INPUT |
::::::::::

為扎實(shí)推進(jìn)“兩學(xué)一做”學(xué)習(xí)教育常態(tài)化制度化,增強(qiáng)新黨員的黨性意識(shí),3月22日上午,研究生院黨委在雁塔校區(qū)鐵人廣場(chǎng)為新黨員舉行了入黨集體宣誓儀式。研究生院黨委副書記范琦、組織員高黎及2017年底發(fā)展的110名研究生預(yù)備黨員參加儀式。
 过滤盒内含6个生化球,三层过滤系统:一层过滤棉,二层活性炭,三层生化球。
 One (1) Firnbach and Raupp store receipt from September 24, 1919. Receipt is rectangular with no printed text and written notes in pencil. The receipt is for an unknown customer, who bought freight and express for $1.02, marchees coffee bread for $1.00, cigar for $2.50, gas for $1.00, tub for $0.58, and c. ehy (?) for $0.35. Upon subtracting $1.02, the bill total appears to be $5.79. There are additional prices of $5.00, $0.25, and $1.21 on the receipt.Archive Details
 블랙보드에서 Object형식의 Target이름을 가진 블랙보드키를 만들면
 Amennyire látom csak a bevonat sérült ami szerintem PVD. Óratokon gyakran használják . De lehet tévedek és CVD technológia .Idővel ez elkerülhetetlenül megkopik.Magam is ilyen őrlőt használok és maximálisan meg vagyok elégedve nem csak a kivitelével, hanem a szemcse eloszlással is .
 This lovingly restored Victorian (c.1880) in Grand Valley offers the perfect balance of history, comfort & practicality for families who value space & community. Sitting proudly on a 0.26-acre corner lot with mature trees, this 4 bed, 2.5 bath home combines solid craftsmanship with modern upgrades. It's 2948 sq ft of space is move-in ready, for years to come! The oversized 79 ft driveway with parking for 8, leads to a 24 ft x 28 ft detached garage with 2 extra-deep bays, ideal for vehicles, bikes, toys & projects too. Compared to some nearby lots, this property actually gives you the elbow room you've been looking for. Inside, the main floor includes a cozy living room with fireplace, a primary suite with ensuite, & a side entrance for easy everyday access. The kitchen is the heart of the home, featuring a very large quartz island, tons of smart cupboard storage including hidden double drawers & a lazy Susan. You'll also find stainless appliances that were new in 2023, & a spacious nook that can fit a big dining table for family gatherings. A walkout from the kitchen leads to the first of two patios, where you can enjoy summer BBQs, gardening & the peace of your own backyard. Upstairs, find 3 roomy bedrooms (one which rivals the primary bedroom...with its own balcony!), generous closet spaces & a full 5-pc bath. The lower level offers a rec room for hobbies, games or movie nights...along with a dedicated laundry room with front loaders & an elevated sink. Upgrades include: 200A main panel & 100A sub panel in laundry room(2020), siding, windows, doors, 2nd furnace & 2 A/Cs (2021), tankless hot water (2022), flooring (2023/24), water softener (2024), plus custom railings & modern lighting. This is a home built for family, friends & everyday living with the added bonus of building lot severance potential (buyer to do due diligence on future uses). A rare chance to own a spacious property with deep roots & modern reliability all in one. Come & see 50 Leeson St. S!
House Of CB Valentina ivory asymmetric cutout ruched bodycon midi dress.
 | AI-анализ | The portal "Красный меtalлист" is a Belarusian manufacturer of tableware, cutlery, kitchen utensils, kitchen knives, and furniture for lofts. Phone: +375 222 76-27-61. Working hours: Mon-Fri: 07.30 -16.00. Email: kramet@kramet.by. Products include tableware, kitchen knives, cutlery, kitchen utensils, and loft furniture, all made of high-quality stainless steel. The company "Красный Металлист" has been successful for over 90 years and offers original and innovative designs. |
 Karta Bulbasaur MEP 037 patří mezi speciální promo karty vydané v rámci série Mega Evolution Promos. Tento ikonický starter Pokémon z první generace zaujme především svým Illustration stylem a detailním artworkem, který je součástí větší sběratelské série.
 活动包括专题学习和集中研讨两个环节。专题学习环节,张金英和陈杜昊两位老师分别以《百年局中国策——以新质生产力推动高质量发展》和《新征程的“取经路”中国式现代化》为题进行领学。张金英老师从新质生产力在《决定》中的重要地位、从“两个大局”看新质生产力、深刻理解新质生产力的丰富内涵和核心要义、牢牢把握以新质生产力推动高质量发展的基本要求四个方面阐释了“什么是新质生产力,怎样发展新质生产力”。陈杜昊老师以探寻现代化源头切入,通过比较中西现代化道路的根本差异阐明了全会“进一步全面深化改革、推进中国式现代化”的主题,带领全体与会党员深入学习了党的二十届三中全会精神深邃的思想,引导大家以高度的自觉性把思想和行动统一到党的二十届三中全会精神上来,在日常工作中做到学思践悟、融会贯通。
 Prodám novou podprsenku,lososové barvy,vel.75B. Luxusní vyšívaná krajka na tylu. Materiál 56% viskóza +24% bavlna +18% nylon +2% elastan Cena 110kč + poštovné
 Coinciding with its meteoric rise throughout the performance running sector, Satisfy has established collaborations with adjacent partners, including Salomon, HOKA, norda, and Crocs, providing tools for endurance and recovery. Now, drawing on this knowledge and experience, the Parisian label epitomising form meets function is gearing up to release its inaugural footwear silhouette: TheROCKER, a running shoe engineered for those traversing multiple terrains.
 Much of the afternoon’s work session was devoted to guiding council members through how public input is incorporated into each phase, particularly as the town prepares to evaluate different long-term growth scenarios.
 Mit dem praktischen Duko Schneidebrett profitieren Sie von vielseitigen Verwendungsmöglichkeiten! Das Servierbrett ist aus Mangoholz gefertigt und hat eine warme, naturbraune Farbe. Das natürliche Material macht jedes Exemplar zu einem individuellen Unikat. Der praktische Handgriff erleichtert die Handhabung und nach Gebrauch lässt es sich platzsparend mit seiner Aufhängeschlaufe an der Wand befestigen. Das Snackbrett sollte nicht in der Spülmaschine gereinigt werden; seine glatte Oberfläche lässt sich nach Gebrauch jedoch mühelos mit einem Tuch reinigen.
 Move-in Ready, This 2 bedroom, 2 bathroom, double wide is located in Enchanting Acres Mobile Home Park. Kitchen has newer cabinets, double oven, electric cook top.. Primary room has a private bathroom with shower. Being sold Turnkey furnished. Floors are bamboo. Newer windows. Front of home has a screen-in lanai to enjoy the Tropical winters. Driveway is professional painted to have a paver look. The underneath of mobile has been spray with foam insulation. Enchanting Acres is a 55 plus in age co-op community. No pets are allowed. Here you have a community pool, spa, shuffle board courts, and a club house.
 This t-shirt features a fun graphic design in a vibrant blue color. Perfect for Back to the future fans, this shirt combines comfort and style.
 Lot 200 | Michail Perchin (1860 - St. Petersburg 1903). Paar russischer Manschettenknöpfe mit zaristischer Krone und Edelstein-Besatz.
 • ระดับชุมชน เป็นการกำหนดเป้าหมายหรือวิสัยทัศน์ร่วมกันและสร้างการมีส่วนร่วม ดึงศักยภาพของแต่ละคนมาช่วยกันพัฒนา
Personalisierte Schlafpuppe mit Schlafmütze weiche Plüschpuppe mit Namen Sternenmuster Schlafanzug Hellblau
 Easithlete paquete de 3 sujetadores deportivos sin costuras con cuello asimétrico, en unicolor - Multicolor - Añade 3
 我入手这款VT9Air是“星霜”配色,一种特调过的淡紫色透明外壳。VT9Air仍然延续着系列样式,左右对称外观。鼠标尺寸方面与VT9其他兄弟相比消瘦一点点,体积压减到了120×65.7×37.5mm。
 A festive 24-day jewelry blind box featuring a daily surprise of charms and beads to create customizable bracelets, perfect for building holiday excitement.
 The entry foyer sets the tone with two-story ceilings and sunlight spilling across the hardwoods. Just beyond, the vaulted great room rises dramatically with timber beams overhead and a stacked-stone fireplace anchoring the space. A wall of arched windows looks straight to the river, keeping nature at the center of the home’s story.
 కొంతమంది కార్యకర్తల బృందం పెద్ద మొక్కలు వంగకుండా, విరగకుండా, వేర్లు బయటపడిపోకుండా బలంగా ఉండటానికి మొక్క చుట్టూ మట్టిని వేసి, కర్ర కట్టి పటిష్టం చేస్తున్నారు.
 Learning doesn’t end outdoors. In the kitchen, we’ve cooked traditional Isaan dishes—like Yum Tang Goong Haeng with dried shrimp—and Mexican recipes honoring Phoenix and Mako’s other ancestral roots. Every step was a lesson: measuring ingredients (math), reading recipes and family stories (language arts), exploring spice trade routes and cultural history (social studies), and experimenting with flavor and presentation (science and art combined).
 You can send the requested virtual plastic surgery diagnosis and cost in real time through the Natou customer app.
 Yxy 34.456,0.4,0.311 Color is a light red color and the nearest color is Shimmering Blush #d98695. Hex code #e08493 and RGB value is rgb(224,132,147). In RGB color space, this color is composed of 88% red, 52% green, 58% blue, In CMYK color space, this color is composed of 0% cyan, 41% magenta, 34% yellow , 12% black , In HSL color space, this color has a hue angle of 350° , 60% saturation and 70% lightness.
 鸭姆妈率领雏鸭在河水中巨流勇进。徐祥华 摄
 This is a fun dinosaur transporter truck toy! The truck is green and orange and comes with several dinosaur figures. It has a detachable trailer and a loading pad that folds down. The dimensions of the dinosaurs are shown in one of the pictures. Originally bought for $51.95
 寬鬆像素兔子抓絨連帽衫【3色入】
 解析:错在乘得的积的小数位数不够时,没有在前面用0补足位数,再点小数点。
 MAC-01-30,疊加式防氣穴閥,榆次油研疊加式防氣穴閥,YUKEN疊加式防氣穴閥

::::::::::

WORK INSTRUCTION | Write out exactly the lines that fall from the line with "鸭姆妈率领雏鸭在河水中巨流勇进。徐祥华 摄" to the line with "解析:错在乘得的积的小数位数不够时,没有在前面用0补足位数,再点小数点。" in the records above, keeping both ends.

ANSWER BELOW |
 鸭姆妈率领雏鸭在河水中巨流勇进。徐祥华 摄
 This is a fun dinosaur transporter truck toy! The truck is green and orange and comes with several dinosaur figures. It has a detachable trailer and a loading pad that folds down. The dimensions of the dinosaurs are shown in one of the pictures. Originally bought for $51.95
 寬鬆像素兔子抓絨連帽衫【3色入】
 解析:错在乘得的积的小数位数不够时,没有在前面用0补足位数,再点小数点。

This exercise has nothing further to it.